У Юрки случился срыв. Он уже ничего не понимал. Он чувствовал на себе лишь руки бабки и матери. Они держали его и тащили в дом, а он изо всех сил рвался к крысе, чтобы защитить её. Плакал он долго и неудержимо, пока силы совсем не оставили его. Мать говорила, что скоро всё закончится, и они окажутся дома, бабка не уставала бранить деда, а Юрка лежал обессиленный на диване и тихо хныкал.
Наконец дед взорвался. Он всегда был таким – долго молчал, но потом наступал момент, когда из него вырывалось грубое недовольство чем-либо. В эти моменты он становился страшным, и даже бабка боялась подойти к нему.

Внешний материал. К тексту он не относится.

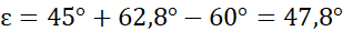 Na podstawie wyników eksperymentu przeprowadzonego przez uczniów oblicz miarę kąta ε – odchylenia promienia wychodzącego z pryzmatu od jego początkowego biegu. Wykorzystaj dane przedstawione w treści zadania oraz rysunek zamieszczony w podręczniku.

- Хватит, – железно и холодно вымолвил он. – Крысу им жалко, устроили тут, и из парня, посмотри, кого вырастили. Ревёт над такой ерундой. Да я в его годы… - дед не закончил и вышел. В доме воцарилась тишина.
Юрка и сам испугался деда, никогда он при Юрке не был ещё таким грозным.
В дорогу собирались молча. Потом обедали тоже в тишине. Дед к столу не пришел, возился во дворе. Юрка сидел у окна и боялся выйти на улицу, но потом, чувствуя в себе какую-то тягу, всё же вышел и подошел к деду, который распутывал леску.
Юрка просто сел рядом и никак не решался начать разговор.
Дед не глядел в его сторону и молча делал своё дело.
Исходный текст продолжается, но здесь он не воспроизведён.